# Breeches when riding Western?!



## Jessskater (Mar 16, 2011)

I have never rode with breeches in a western saddle..yet. but I do ride with my English Show Boots in a western saddle


----------



## rocky pony (Oct 5, 2007)

Nothin wrong with that! I've done it before but to me they feel hotter than my jeans...maybe I need more breathable breeches!


----------



## Scoutrider (Jun 4, 2009)

I know several western show people who will put English breeches or tights under their chaps in the show pen. The chaps hide the breeches well, and I'm told that the whole system is cooler and more moisture-wicking than jeans or show pants under chaps.
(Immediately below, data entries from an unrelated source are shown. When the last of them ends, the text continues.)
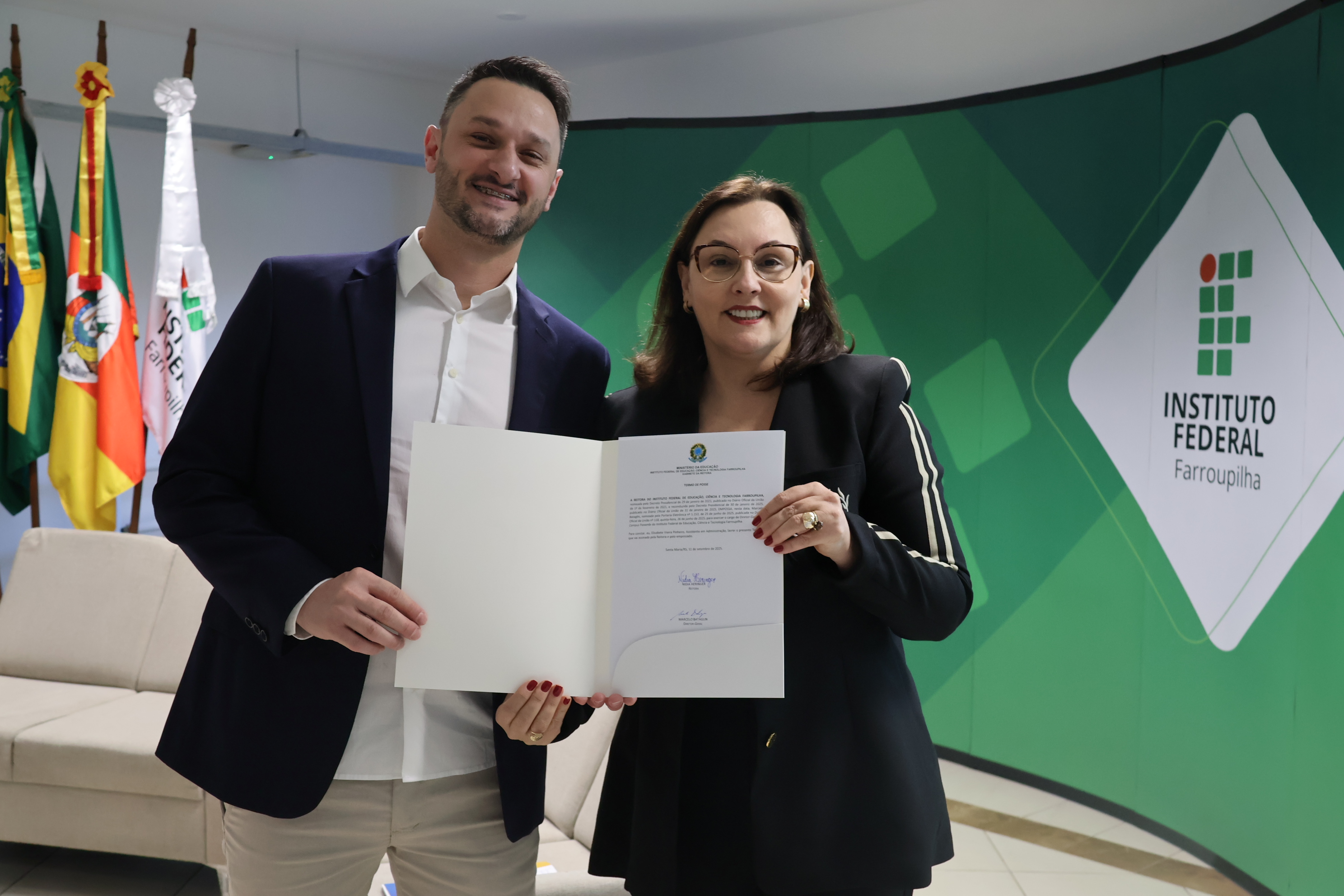 No mês passado, a professora Nídia Heringer foi oficialmente reconduzida ao cargo de reitora do IFFar. A cerimônia teve a participação do ministro da Educação, Camilo Santana, autoridades, imprensa, servidores e cerca de 400 estudantes.
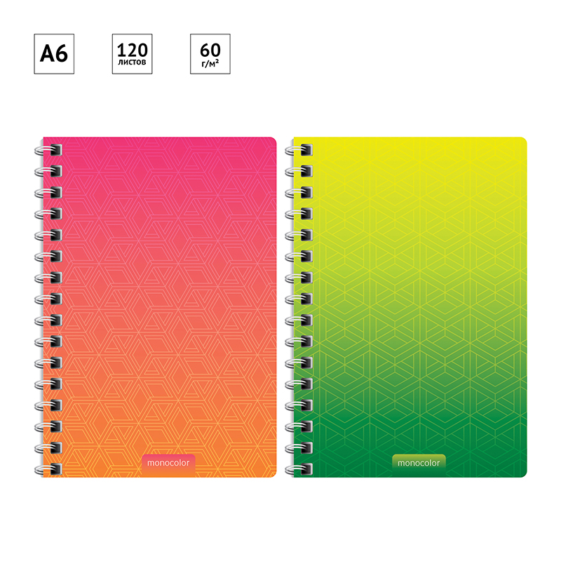 Стильная записная книжка ArtSpace «Моноколор Bright Modern» формата А6 на гребне. Обложка из мелованного прочного картона с рисунком для тех, предпочитает яркий минималистичный дизайн. Внутренний блок плотностью 60г/м² состоит из 120 листов офсетной бумаги белого цвета и линовкой в клетку. Записная книжка представлена в размере 100*145 мм. <br/>Записная книжка ArtSpace «Моноколор Bright Modern» не подходит под персонализацию. Продаётся упаковкой по 6 штук. <br/>• Формат: А6;<br/>• Количество листов; 120;<br/>• Материал обложки: мелованный картон; <br/>• Цвет обложки: рисунок;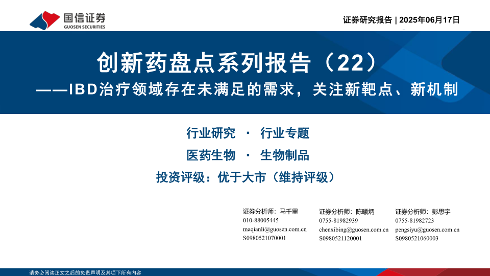 创新药盘点系列报告(22):IBD治疗领域存在未满足的需求,关注新靶点、新机制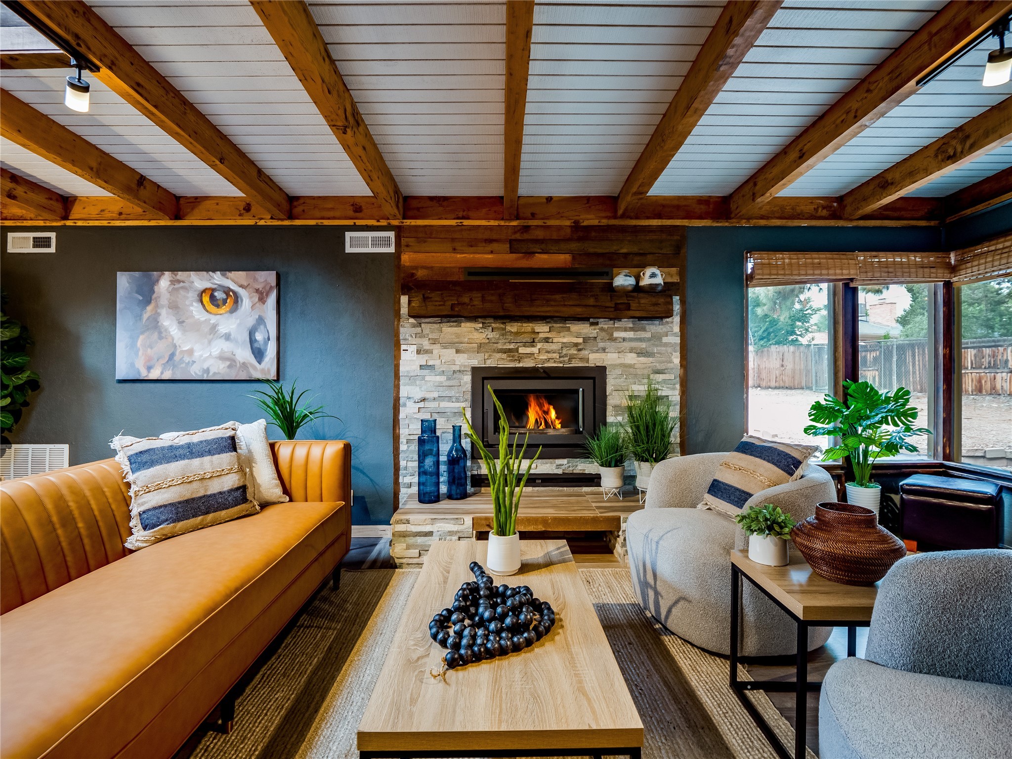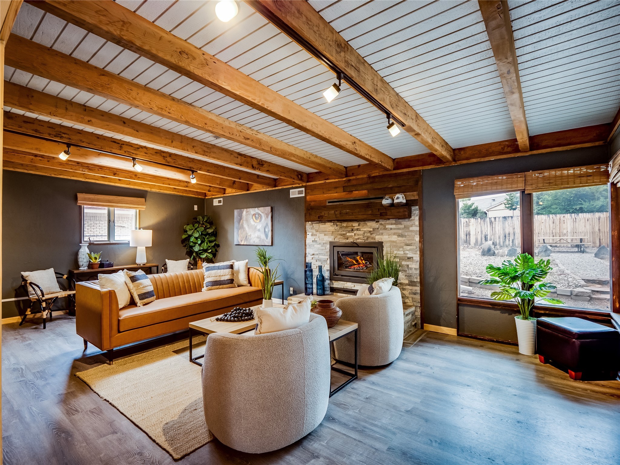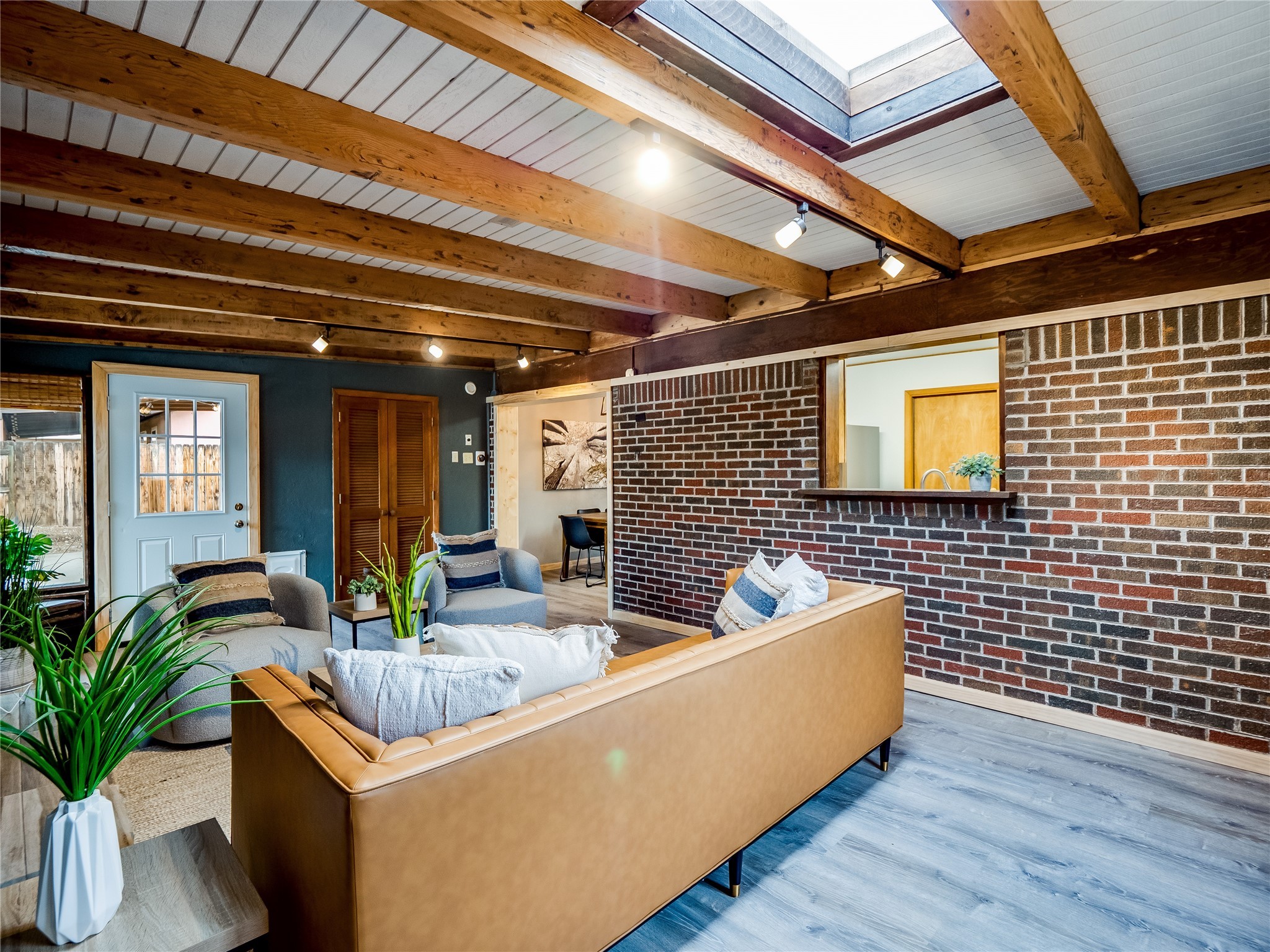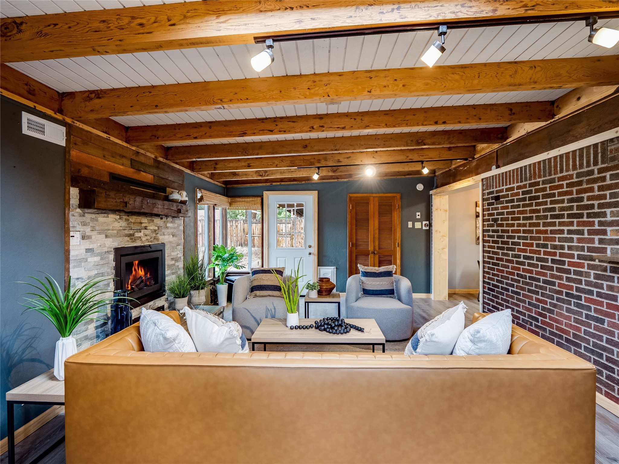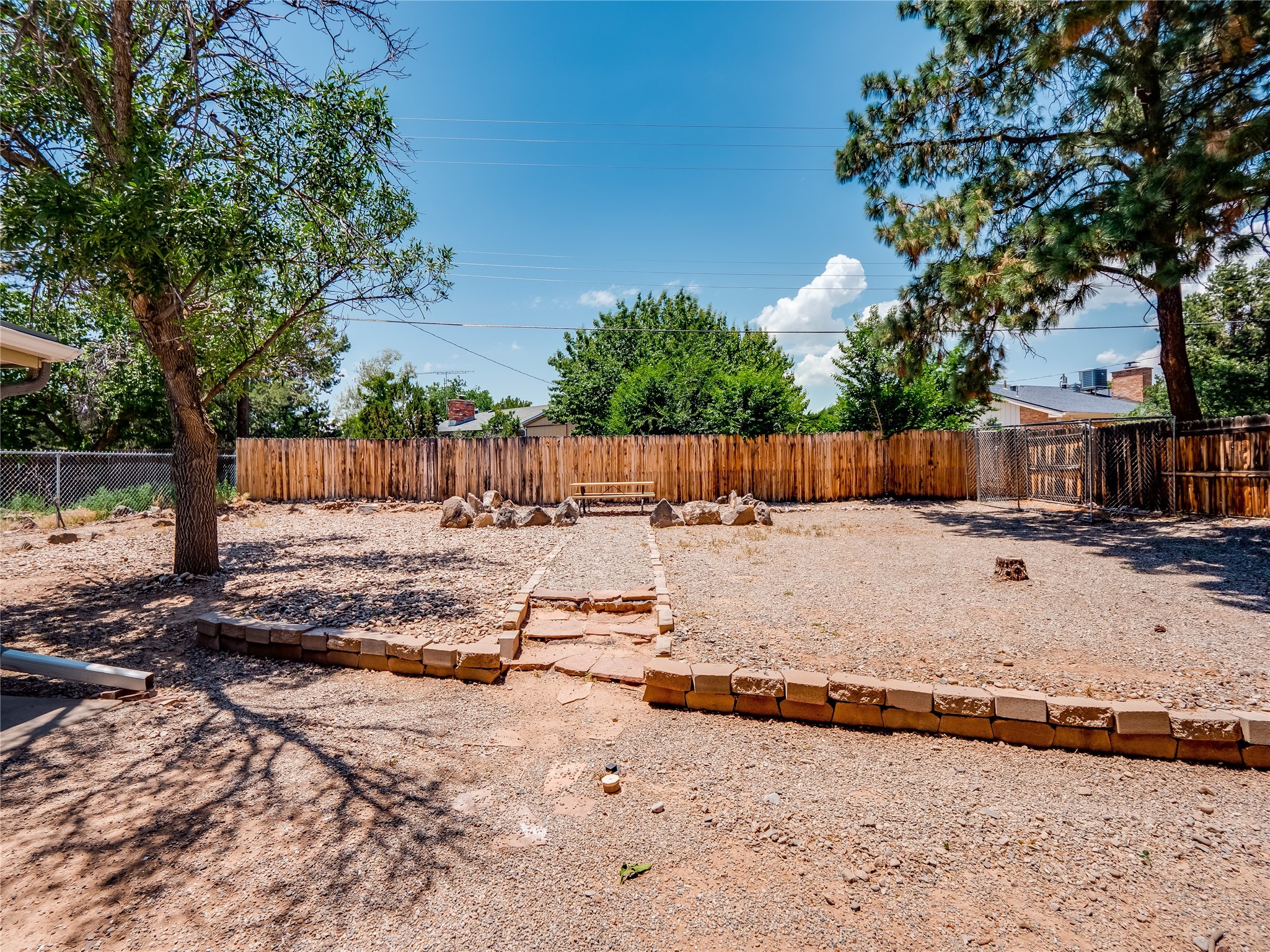 Welcome to this beautifully updated single-story home in White Rock, full of character and charm. Nestled under a mature shade tree, the low-maintenance front yard offers a warm and inviting curb appeal. Step inside through the front entrance and into the open-concept living room featuring laminate wood floors and a large front-facing picture window that fills the space with natural light. The adjoining dining area leads into the galley-style kitchen, which offers an abundance of wood cabinetry, extensive counter space, and stainless steel appliances--ideal for any home chef. A convenient pass-through window opens into the spacious family room, creating great flow for entertaining and daily living. The family room is the heart of the home, boasting a wood-beamed ceiling with a skylight, a beautiful brick accent wall, and a cozy stone wood-burning fireplace. This room also includes access to the backyard and a large covered patio, plus a laundry room discreetly tucked away for added functionality. Down the hallway are two comfortable guest bedrooms, both with plush carpeting and walk-in closets. The nearby guest bathroom includes a single sink vanity, a tiled shower/tub combo, and a skylight that brings in soft natural light. The generous primary en-suite also features carpet flooring, a large walk-in closet, and a stunningly renovated modern bathroom complete with a tiled walk-in shower with ceiling showerhead and sleek single sink vanity--a true private retreat. The expansive backyard is a xeriscaped blank canvas, ready for your dream outdoor entertainment space. A large covered deck provides the perfect shady spot to lounge or host outdoor dinner parties. Two attached storage rooms offer ample space for garden tools and seasonal items. Located near shopping, restaurants, parks, and trails, this home offers a perfect balance of comfort, convenience, and style. Don't miss your chance to tour this wonderful property today!

Plus, they make for fast tack-changes if you're riding multiple horses/disciplines. :lol:

I'll trail ride western or game in my breeches and half chaps, just to make my cowboy/gamer friends twitch. :wink:


----------



## Clair (Jun 7, 2010)

I am with you! I just wear mine with my boots over  super comfy and I stick to my suede seat. 

If you like that but want to look more western-y, get some super thin "jeggings" (jeans/leggings) they are just like soft denim breeches.
_Posted via Mobile Device_


----------



## Tokoneki (Mar 28, 2011)

That's comforting to know lol thanks
_Posted via Mobile Device_


----------